Source records:
::::::::::
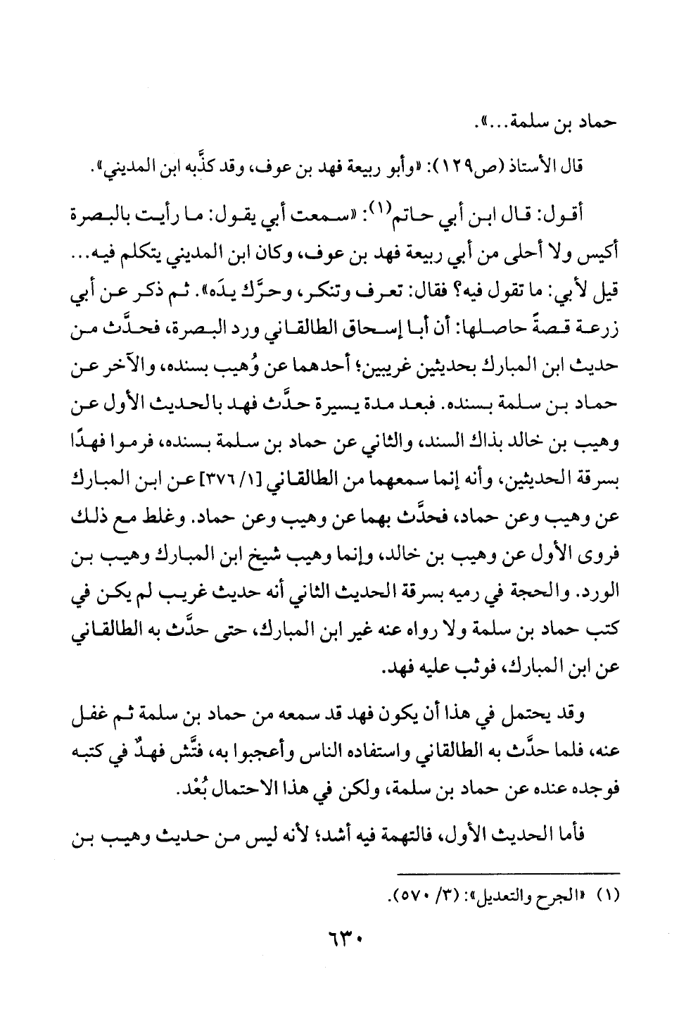 أقول: قال ابن أبي حاتم (¬١): «سمعت أبي يقول: ما رأيت بالبصرة أكيس ولا أحلى من أبي ربيعة فهد بن عوف، وكان ابن المديني يتكلم فيه ... قيل لأبي: ما تقول فيه؟ فقال: تعرف وتنكر، وحرَّك يدَه». ثم ذكر عن أبي زرعة قصةً حاصلها: أن أبا إسحاق الطالقاني ورد البصرة، فحدَّث من حديث ابن المبارك بحديثين غريبين؛ أحدهما عن وُهيب بسنده، والآخر عن حماد بن سلمة بسنده. فبعد مدة يسيرة حدَّث فهد بالحديث الأول عن وهيب بن خالد بذاك السند، والثاني عن حماد بن سلمة بسنده، فرموا فهدًا بسرقة الحديثين، وأنه إنما سمعهما من الطالقاني [١/ ٣٧٦] عن ابن المبارك عن وهيب وعن حماد، فحدَّث بهما عن وهيب وعن حماد. وغلط مع ذلك فروى الأول عن وهيب بن خالد، وإنما وهيب شيخ ابن المبارك وهيب بن الورد. والحجة في رميه بسرقة الحديث الثاني أنه حديث غريب لم يكن في كتب حماد بن سلمة ولا رواه عنه غير ابن المبارك، حتى حدَّث به الطالقاني عن ابن المبارك، فوثب عليه فهد.
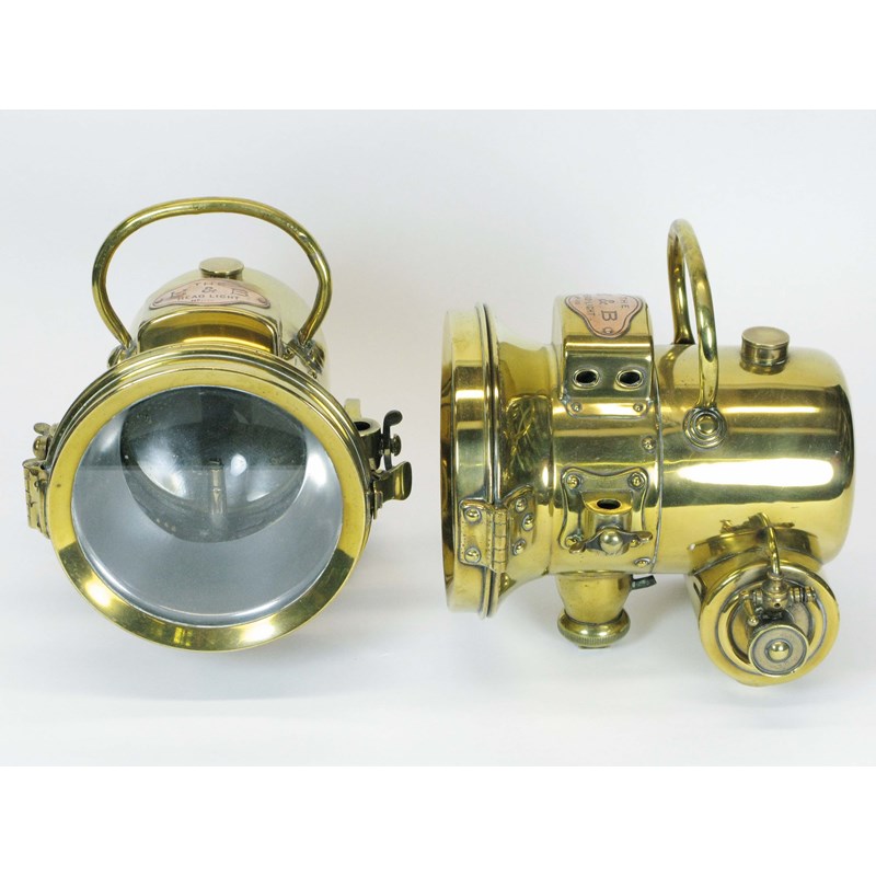 Howes & Burley Lamps. A sided-pair of self-contained acetylene-gas lamps dating just pre-WWI. Finished in polished brass and retaining their condenser covers, carbide of calcium containers, gas taps, water flow adjusters, carrying bails, burners and name plates. They possess stirrup mounts with 6½-inch centres, 5¼-inch front glasses, and Mangin reflectors (one cracked). Towards the end of 1913, these lamps were used on Morris Oxford and other small cars. In fine condition with one gentle (repairable) dent at the rear of the off-side lamp. 9-inches deep, 10-inches high. (2)
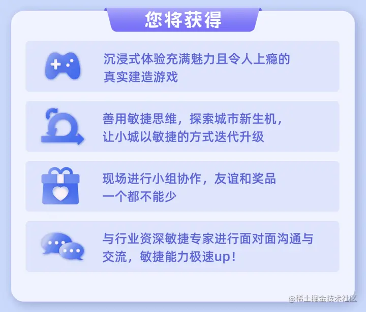 本次“城市之光”计划将以“规划并建造一座城市”为目标,通过团队协作从0到1建造城市,将建造游戏微观管理与敏捷项目管理融为一体,用游戏的方式打破人际边界,在游戏中实现知识的获取、经验的总结与复用。
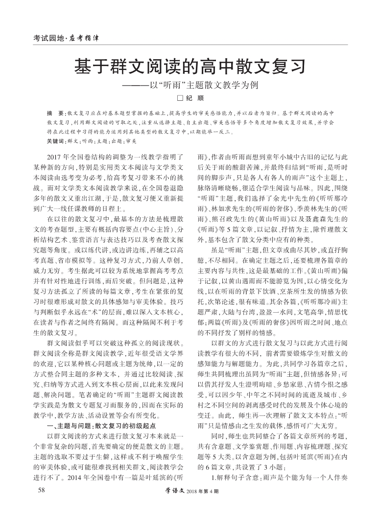 基于群文阅读的高中散文复习--以“听雨”主题散文教学为例
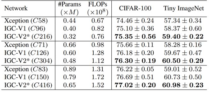 通过大量实验表明,IGC-V2 比 IGC-V1 和 Xception 在 CIFAR 和 Tiny ImageNet 上的性能更优。
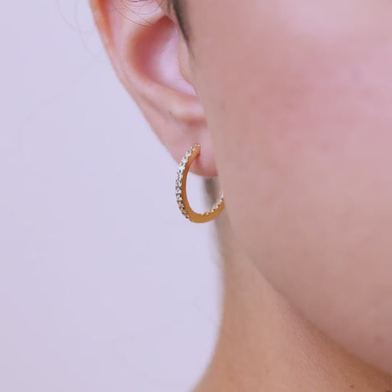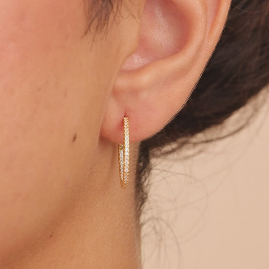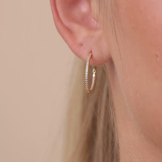 The Lilia CZ Infinity Hoops pack the punch from every angle. With Hearts & Arrows CZs set along the outside and inside of the sterling silver hoop, they hit the light no matter how you move. Finished with a secure lever-latch backing.
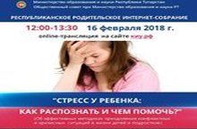 16 февраля 2018 года в 12:00 часов состоится республиканское родительское интернет-собрание на тему "Стресс у ребёнка:как распознать и чем помочь?" об эффективных методах преодолевания конфликтных и кризисных ситуаций в жизни детей и подростков.
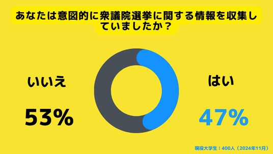 47%の現役大学生が衆議院選挙に関する情報を意識的に収集していたと回答しました。
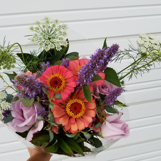 We strive to grow unique and unusual varieties of flowers that are often not available in retail stores. And we love to incorporate seasonal blooms and foliage that bring nostalgia and fragrance to a bouquet. We use sustainable growing practices and do not apply chemical sprays so it's safe to put our bouquets on your kitchen table or put your face in them to smell their sweet, fresh fragrance.
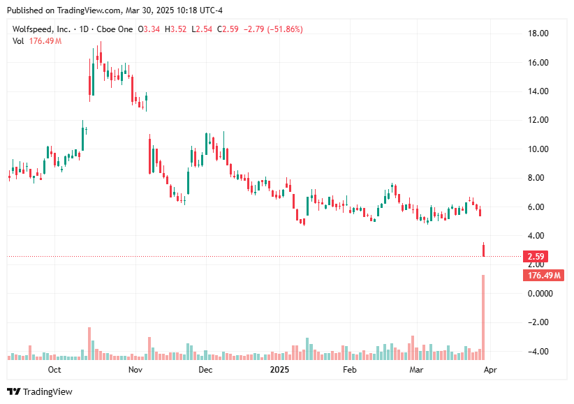 WOLF 0.00%↑ hit 52 week lows with bad news on Friday: “Wolfspeed struggling to refinance convertible bonds, Bloomberg reports”
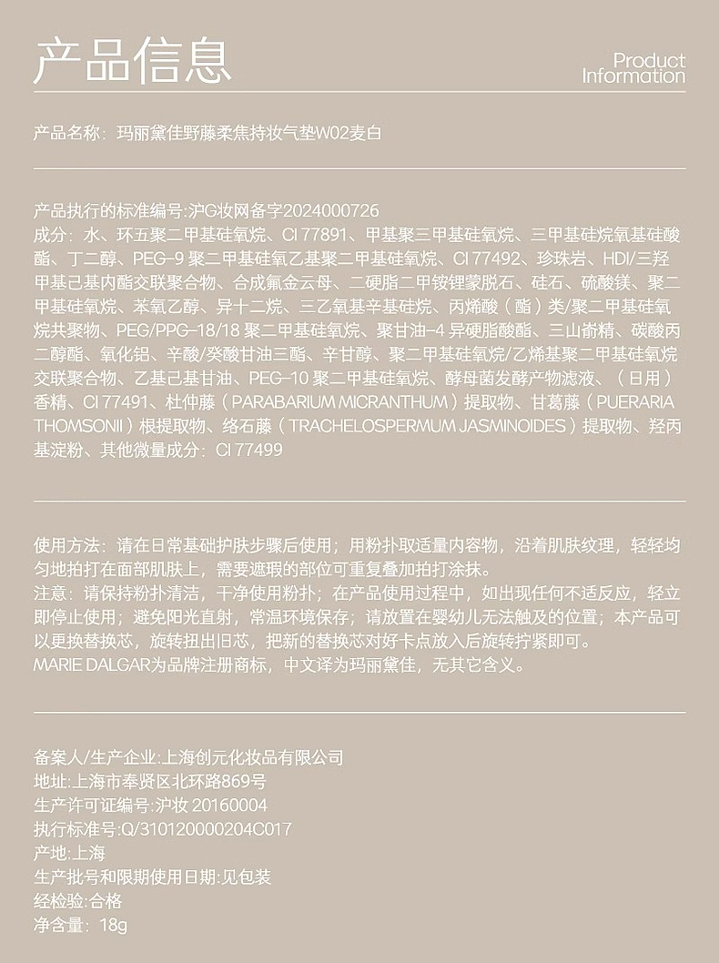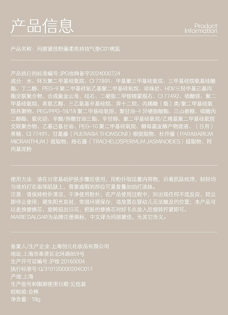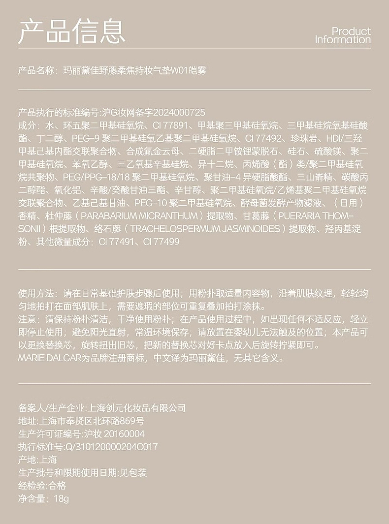【重磅新品】MARIE DALGAR 玛丽黛佳野藤柔焦持妆气垫油皮混油皮不易脱妆女
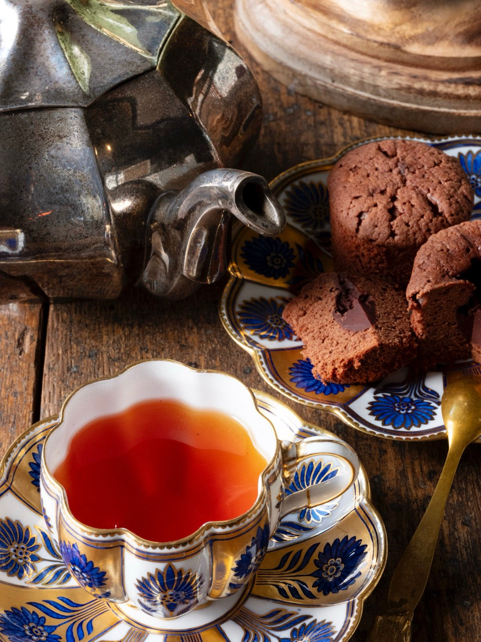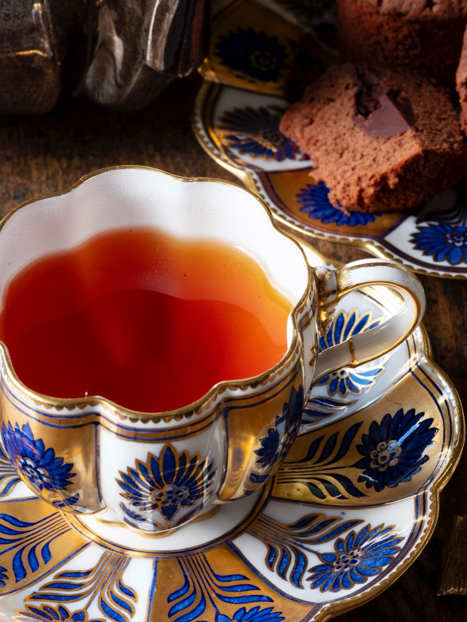 カカオブラウンの茶葉は、お湯の中で優雅に舞い、セピア色の茶液が美しい一杯となります。
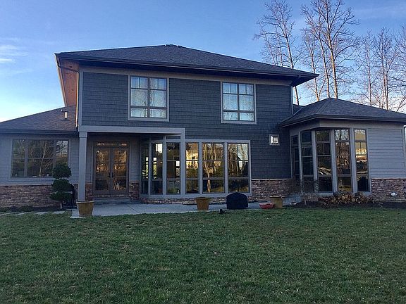 Custom built Contemporary Prarie style with extraordinary natural light. Open floor plan is an entertainers dream! One level living with master bedroom and laundry on first floor with no steps. Spacious fenced back yard. Oversized 3 car garage w cabinetry, sink and large windows. Cable and monorail stair system with 2" thick maple treads lead upstairs to the loft area and two bedrooms. The rooms each have walk in closets, large windows and full baths with granite topped cabinets, tiled floors and glass enclosed tiled showers. The master suite is a retreat with floor to ceiling windows offering another beautiful view and private entrance. The master bath is spa inspired- bright and open with a 6' air jetted tub, incredible two-headed walk in tiled shower and an elevated marble topped double vanity. The master walk in closet is large and open with another bright window. Another feature is the front room off the main area that can be used as an office or sitting area. It is again, loaded with light with it's floor to ceiling window wall bringing daylight in. Site finished Brazilian hardwood floors throughout the first floor. 12' ceilings with the front of the house opening to a 22' high wall of windows. Custom hand painted wall finishes. Linear gas fireplace. Wet bar. The kitchen again opens your view to the beauty of outdoors with three windows. Lower cabinetry with loads of storage leave a clean, contemporary feel to this space. Stainless steel appliances, extra deep stainless sink and glass cooktop continues the modern design.
::::::::::
Nothing but the lines from the one with "47%の現役大学生が衆議院選" up to and including the one with "カカオブラウンの茶葉は、お湯" should be printed, exactly as they read above. Please keep the pictures out.

 47%の現役大学生が衆議院選挙に関する情報を意識的に収集していたと回答しました。
 We strive to grow unique and unusual varieties of flowers that are often not available in retail stores. And we love to incorporate seasonal blooms and foliage that bring nostalgia and fragrance to a bouquet. We use sustainable growing practices and do not apply chemical sprays so it's safe to put our bouquets on your kitchen table or put your face in them to smell their sweet, fresh fragrance.
 WOLF 0.00%↑ hit 52 week lows with bad news on Friday: “Wolfspeed struggling to refinance convertible bonds, Bloomberg reports”
【重磅新品】MARIE DALGAR 玛丽黛佳野藤柔焦持妆气垫油皮混油皮不易脱妆女
 カカオブラウンの茶葉は、お湯の中で優雅に舞い、セピア色の茶液が美しい一杯となります。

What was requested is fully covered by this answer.